Pictures aside, every line of the listing should be given again exactly.

> [Record excerpts]:
##########

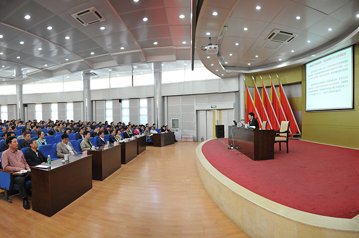 4月4日,校长邹友峰在力行楼学术报告厅为校处级领导干部专题培训班作题为《深入学习贯彻十八届三中全会精神,不断加快特色鲜明高水平大学建设步伐》的党课辅导报告。校领导王少安、张国臣、周志远、卫中玲、张锟、景国勋出席报告会,校泰科资产经营有限公司董事长兼总经理丁安民、全体处级干部和机关职能部门科级干部参加报告会。报告会由校党委副书记兼纪委书记张国臣主持。
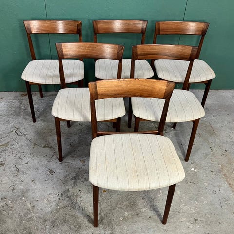 Smukt par Model 39 spisestuestole designet af Henry Rosengren Hansen for Brande Møbelfabrik, Danmark, 1960’erne. Udført i rigt palisander med Rosengren Hansens karakteristiske linjer og præcise samlinger.
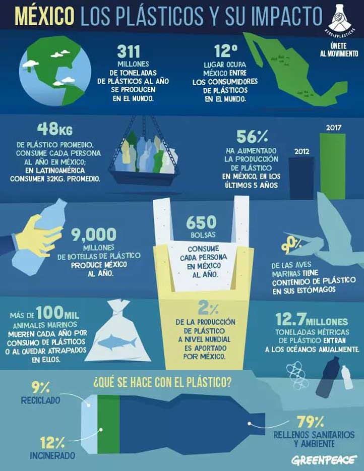 De acuerdo con cifras proporcionadas por Greenpeace, cada año se producen 311 millones de toneladas de plástico a nivel mundial; 12.7 millones de toneladas métricas de plástico entran a los océanos anualmente.
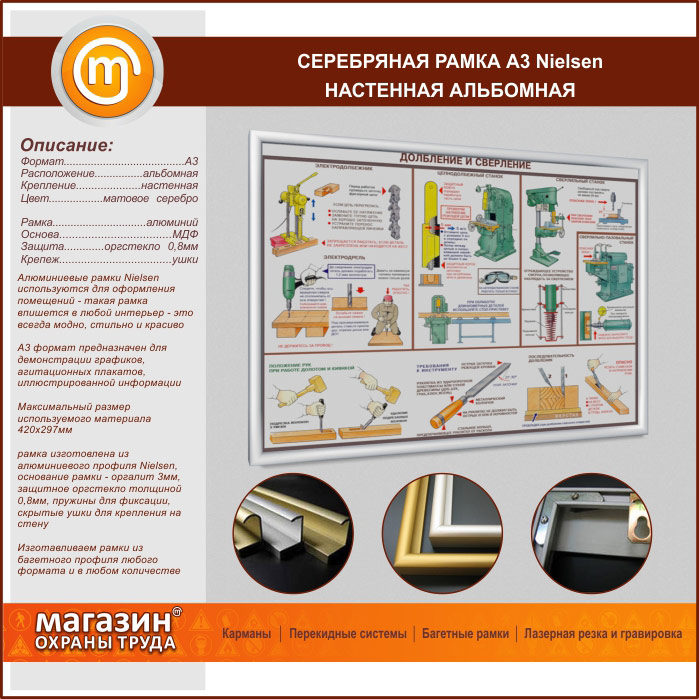 Багетная настенная рамка «Nielsen» А3 формата, альбомная, матовое серебро в Магнитогорске купить
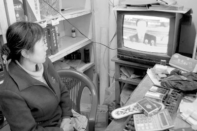 3月5日,舟曲受灾群众于小兰正在收看两会实况。本报通讯员冯晓宏摄
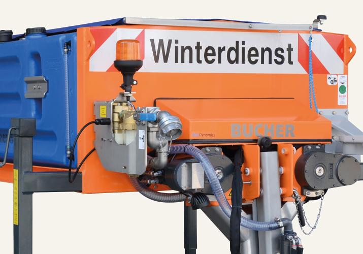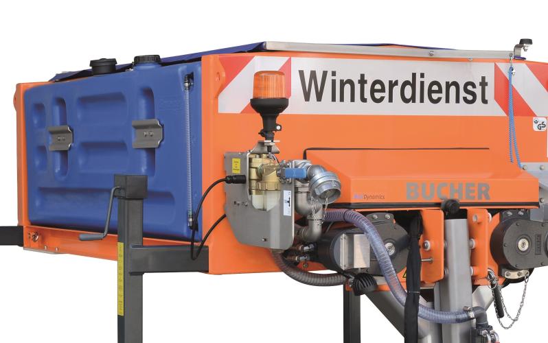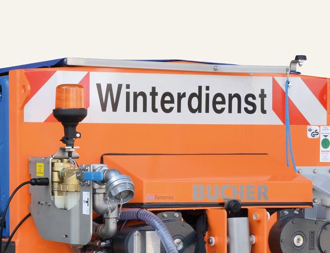 The vehicle-gritter combination is ideal for winter service on narrow track vehicles thanks to the low profile container design which results in a low center of gravity.
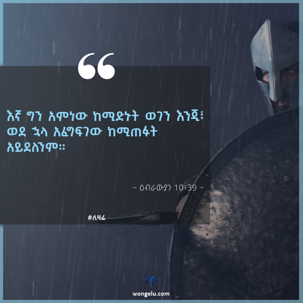 እኛ ግን አምነው ከሚድኑት ወገን እንጂ፣ ወደ ኋላ አፈግፍገው ከሚጠፉት አይደለንም። (ዕብራውያን 10፥39)
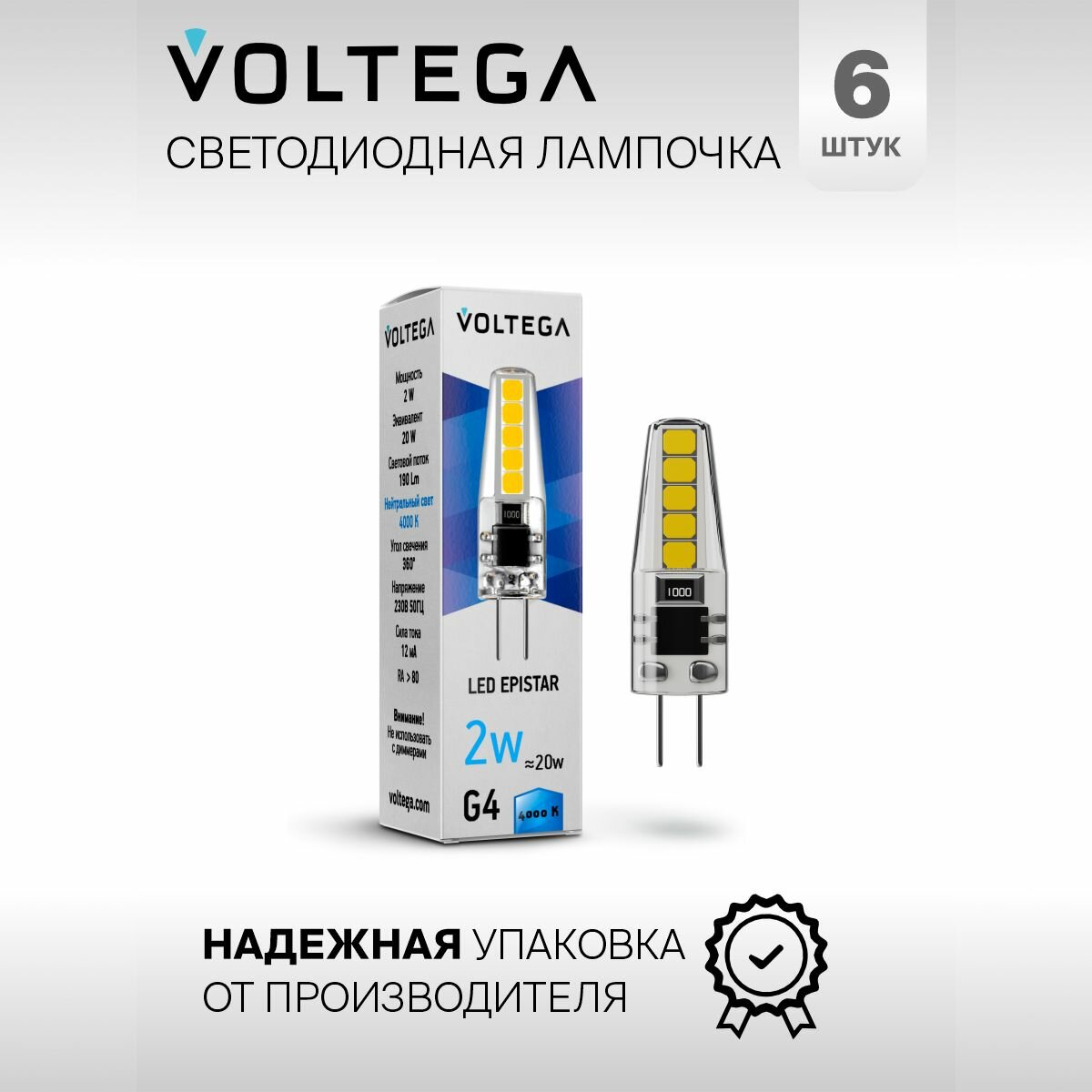 Лампочка светодиодная G4 форма капсула 2W нейтральный свет Voltega Simple Capsule 4000K упаковка 6 штук 1 200 ₽

##########

> [Output for this task]:
 4月4日,校长邹友峰在力行楼学术报告厅为校处级领导干部专题培训班作题为《深入学习贯彻十八届三中全会精神,不断加快特色鲜明高水平大学建设步伐》的党课辅导报告。校领导王少安、张国臣、周志远、卫中玲、张锟、景国勋出席报告会,校泰科资产经营有限公司董事长兼总经理丁安民、全体处级干部和机关职能部门科级干部参加报告会。报告会由校党委副书记兼纪委书记张国臣主持。
 Smukt par Model 39 spisestuestole designet af Henry Rosengren Hansen for Brande Møbelfabrik, Danmark, 1960’erne. Udført i rigt palisander med Rosengren Hansens karakteristiske linjer og præcise samlinger.
 De acuerdo con cifras proporcionadas por Greenpeace, cada año se producen 311 millones de toneladas de plástico a nivel mundial; 12.7 millones de toneladas métricas de plástico entran a los océanos anualmente.
 Багетная настенная рамка «Nielsen» А3 формата, альбомная, матовое серебро в Магнитогорске купить
 3月5日,舟曲受灾群众于小兰正在收看两会实况。本报通讯员冯晓宏摄
 The vehicle-gritter combination is ideal for winter service on narrow track vehicles thanks to the low profile container design which results in a low center of gravity.
 እኛ ግን አምነው ከሚድኑት ወገን እንጂ፣ ወደ ኋላ አፈግፍገው ከሚጠፉት አይደለንም። (ዕብራውያን 10፥39)
 Лампочка светодиодная G4 форма капсула 2W нейтральный свет Voltega Simple Capsule 4000K упаковка 6 штук 1 200 ₽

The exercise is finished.